# Chile Rellenos Quiche



## Raine (Sep 21, 2005)

*Chile Rellenos Quiche *







[font=Verdana, Arial, Helvetica, sans-serif] [/font]​[font=Verdana, Arial, Helvetica, sans-serif][/font]


_Ingredients:_ 

1 (9-inch) frozen pastry shell
2 cups grated Monterey Jack cheese
1 (4-ounce) can diced green chiles, drained
4 eggs
1 cup half-and-half
¼ teaspoon pepper
Taco sauce
Egg Topping (optional, recipe follows) 



_Directions:_ 

Preheat oven to 475 F. Bake frozen pastry shell for 5 minutes.

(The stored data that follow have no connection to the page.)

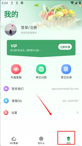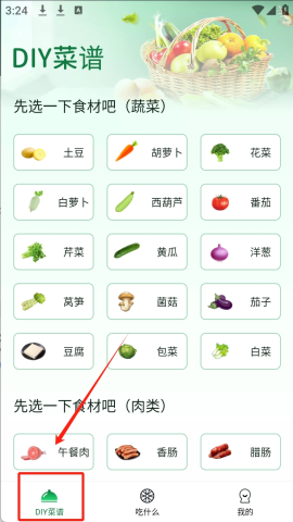 1、点击“DIY菜谱”可以选择所需的蔬菜或肉类食材。
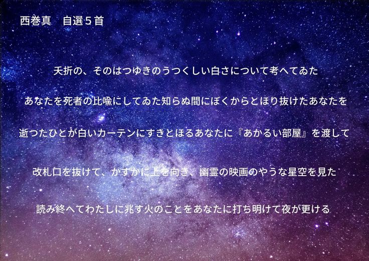 神奈川県横浜市で、「未来短歌会」に所属し、短歌を作っております西巻真と申します。
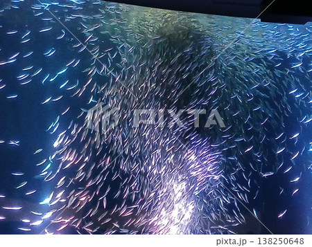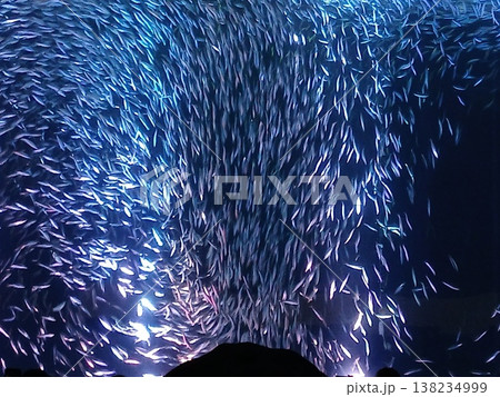 日本の水族館で泳ぐイワシの群れ|紫の光が幻想的な海中展示
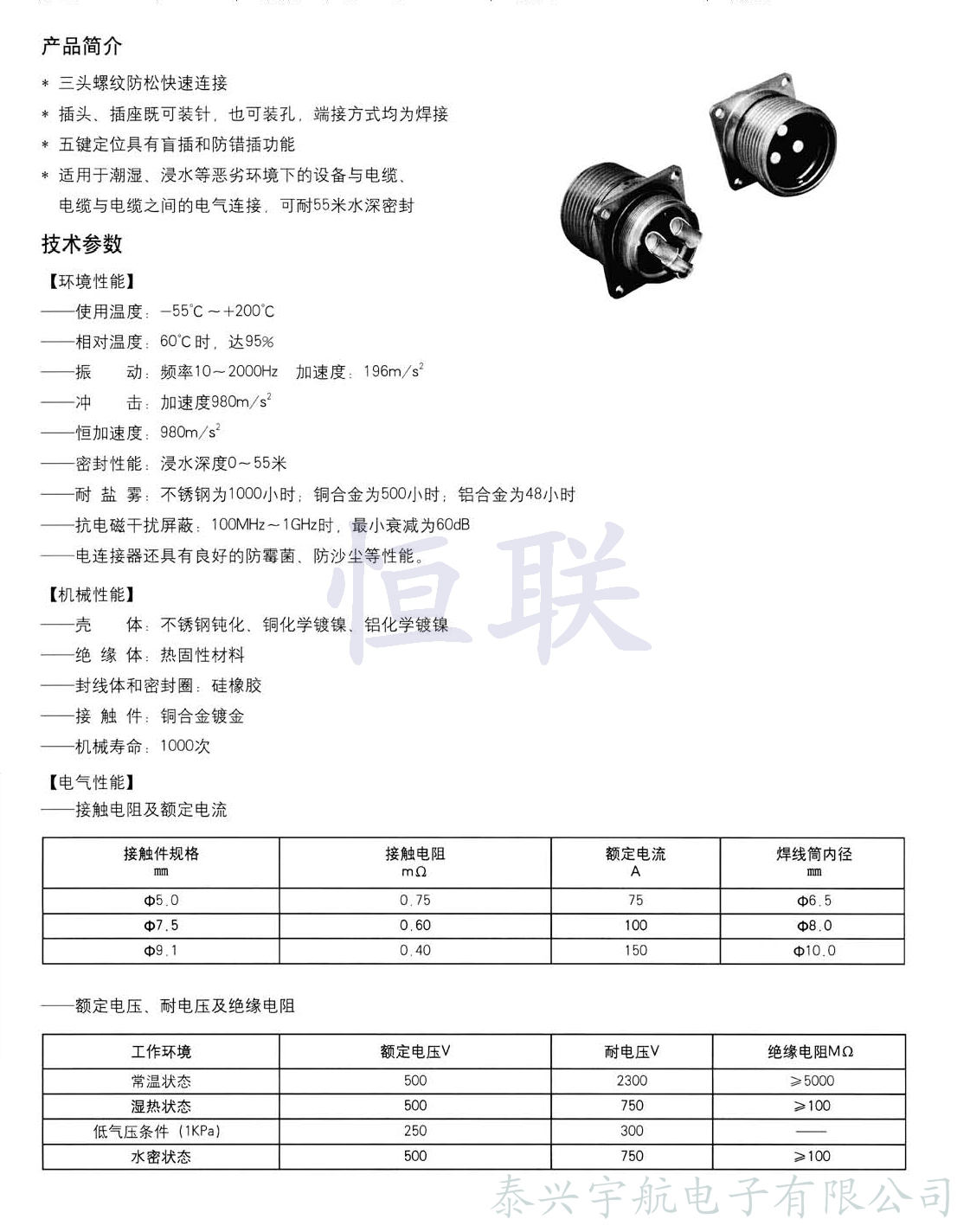 插頭、插座既可裝針,也可裝孔,端接方式均為焊接
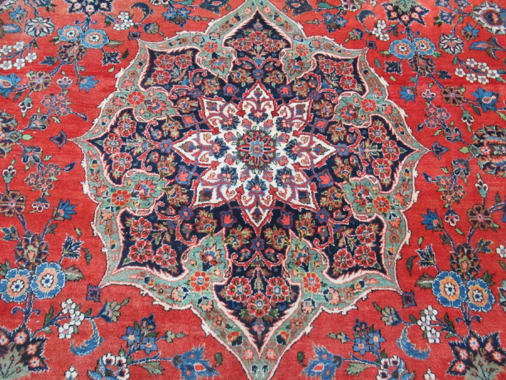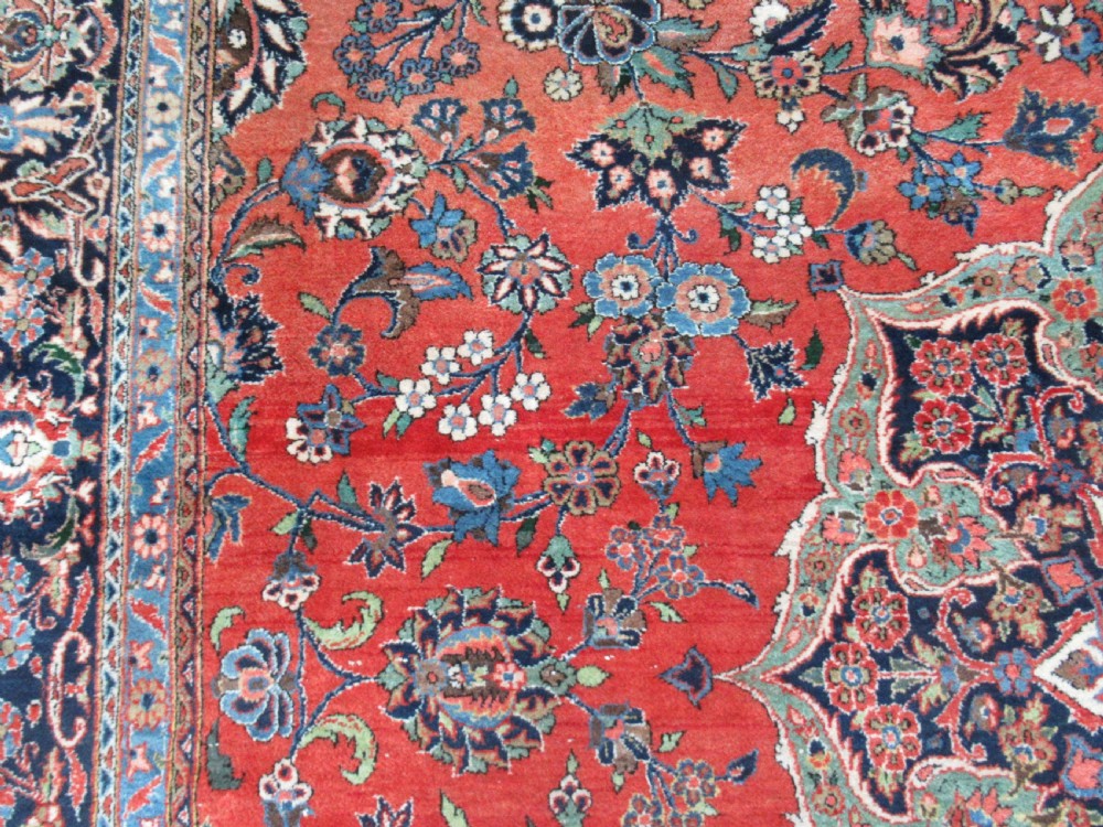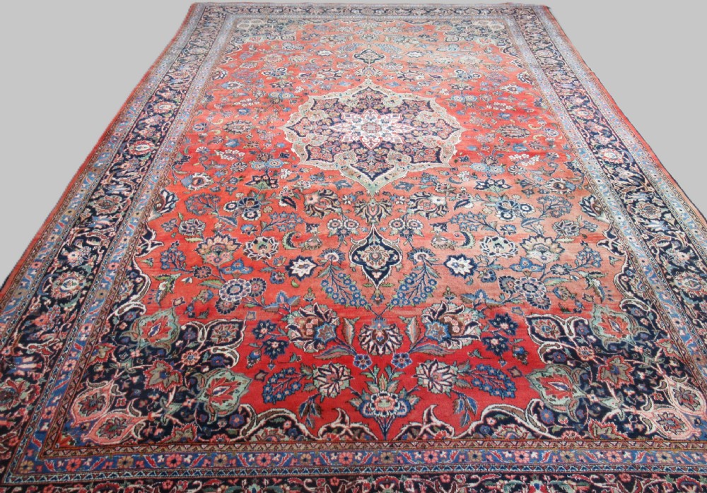 Size: 16ft 5in x 10ft 6in (500 x 320cm). Antique Kashan carpet of classic design and good colour. Circa 1930. The carpet has a small central medallion which is surrounded by a field of floral designs on a clear red ground. The border is of a classic Kashan design on a dark indigo blue ground, it contrasts well with the field of the carpet. The carpet is in good condition with slight wear and good pile, the carpet has slight fading in places as can bee seen in the images. The carpet is suitable for heavy domestic use such as a dining or living room. The carpet has been hand washed and is ready for use. Stock Number: R-2332. All of our prices include FREE WORLD WIDE EXPRESS DELIVERY by DHL. To purchase any item please click on the payment link. We are also happy to accept most payment methods including American Express, bank transfers, debit & credit cards. To purchase by card over the telephone, please contact us on 01608 652111 or 0044 1608 652111 from outside the UK. Internal Ref: R-2332
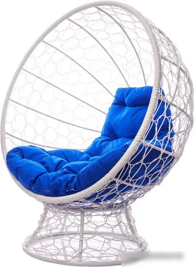 Кресло M-Group Кокос на подставке 11590110 (белый ротанг/синяя подушка)
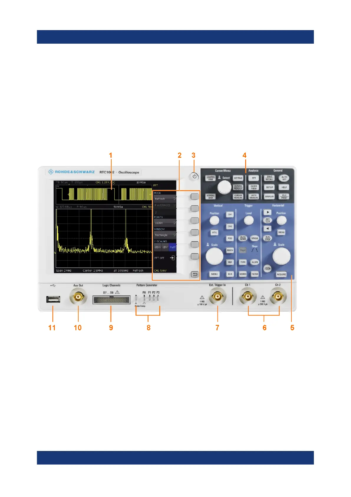 Figure 4-1 shows the front panel of the R&S RTC1000. The function keys are
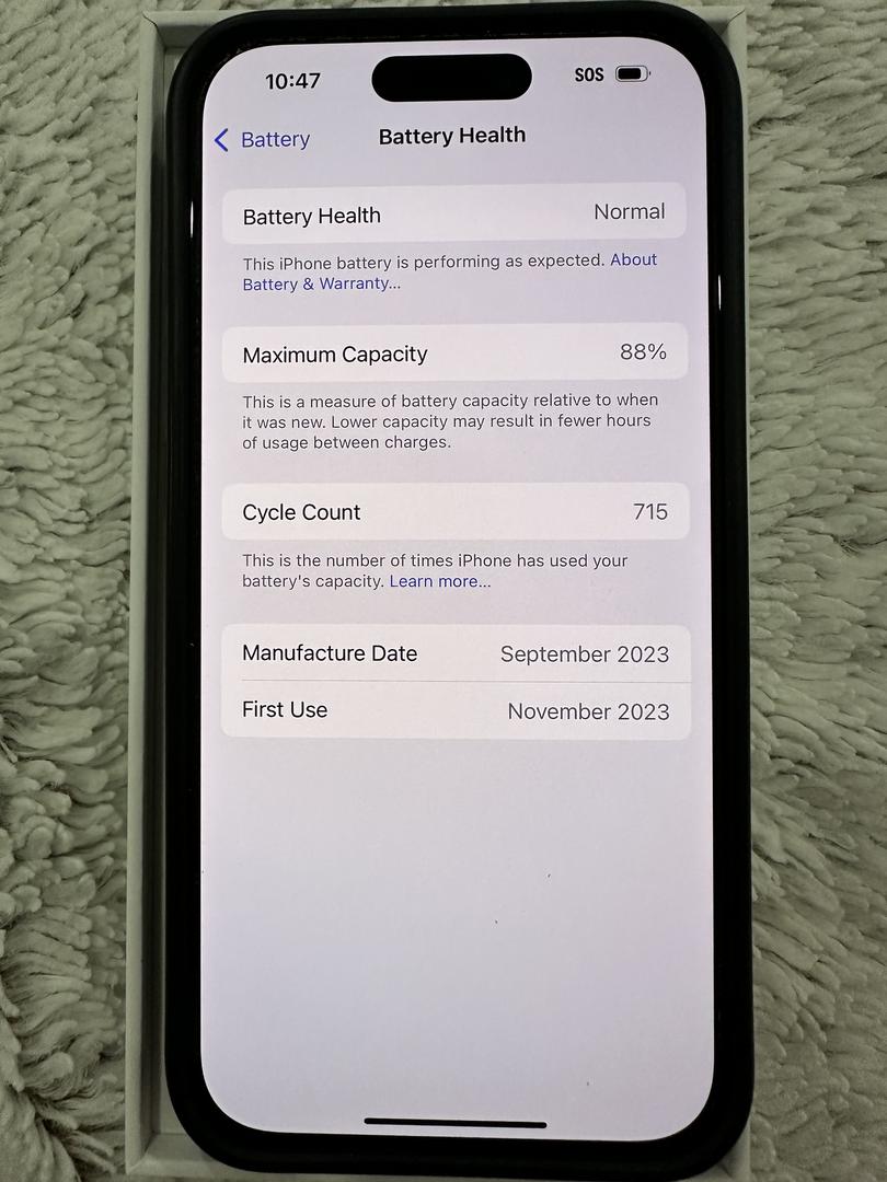 Iphone 15 pro blue. Excellent condition with no visible signs of wear or use. Battery capacity says 88%. Charger is not included but will include a clean lightly used case incase it wanted.
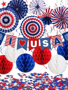 27 décorations rouges, blanches et bleues pour le 4 juillet aux États-Unis : éventails en papier, pompons et guirlandes suspendues pour une fête patriotique, célébrant l’indépendance, les vétérans,
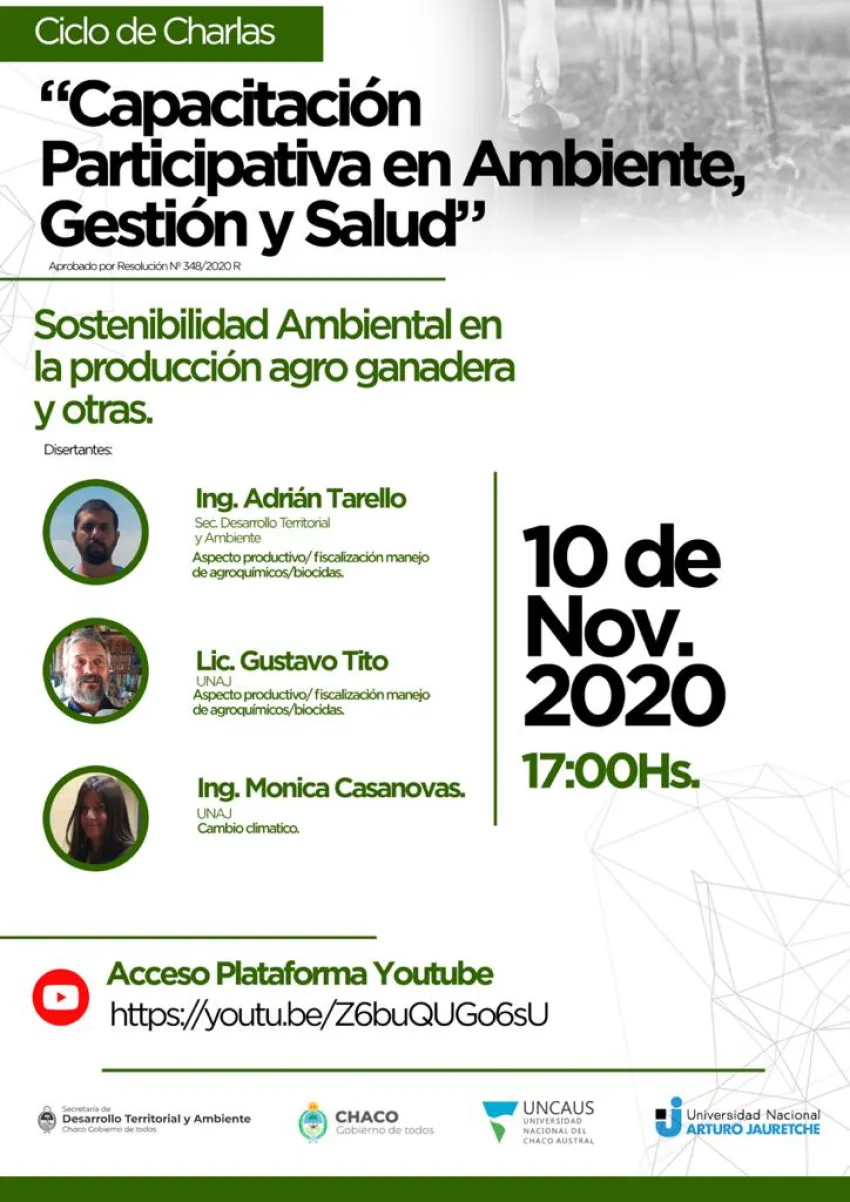 La charla virtual se realizará el día 10 de noviembre, a las 17 horas. La misma se realiza en el marco del Ciclo de Charlas: "Capacitación Participativa en Ambiente, Gestión y Salud", organizadas por la Universidad Nacional del Chaco Austral (UNCAus), junto a la Universidad Nacional de Arturo Jauretche (UNAJ) y la Secretaría de Desarrollo Territorial y Ambiente del Gobierno de la provincia de Chaco.
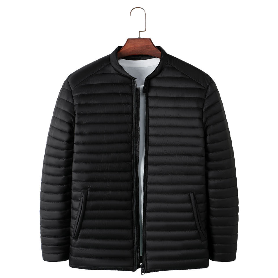 Custom Designer Men's Winter Puffer Jacket High Quality Canvas Stand Waterproof Quilted Bubble Padded Coat Zipper Closure
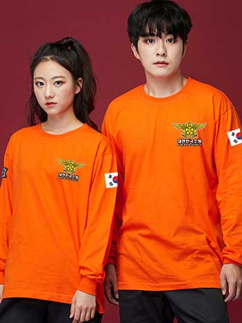 라운드(긴팔)_주황 (왼가슴, 왼소매, 오른소매, 등전면 인쇄)
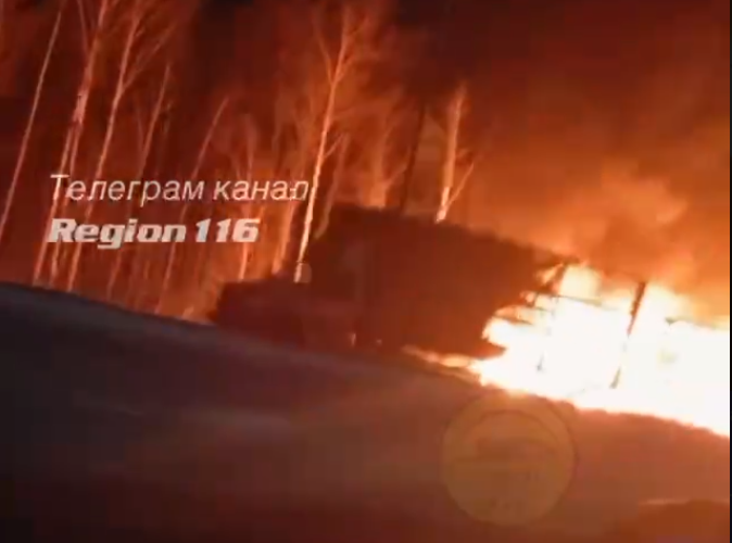 В Татарстане на трассе Шали загорелась фура. Очевидцы опубликовали видео с места пожара в социальных сетях.
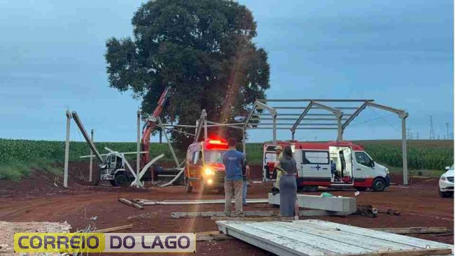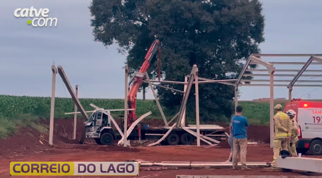Estrutura cede e trabalhadores despencam de 5 metros em obra na PR-486 em distrito de Cascavel

Reduce oven to 375 F. 

Sprinkle 1 cup cheese in the partially baked crust. Layer with half of the chiles. Sprinkle with remaining cup of cheese. Add remaining chiles (more, if you like it hot). 

Mix together the eggs, half-and-half and pepper, and pour over the chiles. Bake in 375 F oven for 30 minutes. Serve with taco sauce. Or, add Egg Topping, bake and serve. Makes 6 to 8 servings. 



*Egg Topping: *

In a small bowl, beat 2 eggs whites until very stiff. Fold in 2 egg yolks, slightly beaten, until just blended. Spoon oven baked quiche. Be sure to seal topping to edge of crust. Return to oven and bake at 375 F for 15 minutes, or until golden brown. 



PER SERVING: Cal 259 (62% fat) *Fat* 18 g (9 g sat) *Chol* 185 mg *Sodium* 420 mg* Carb* 11 g *Calcium* 281 mg


----------



## tancowgirl2000 (Sep 23, 2005)

Is this a spicy thing?


----------



## texasgirl (Sep 23, 2005)

That sounds great!


----------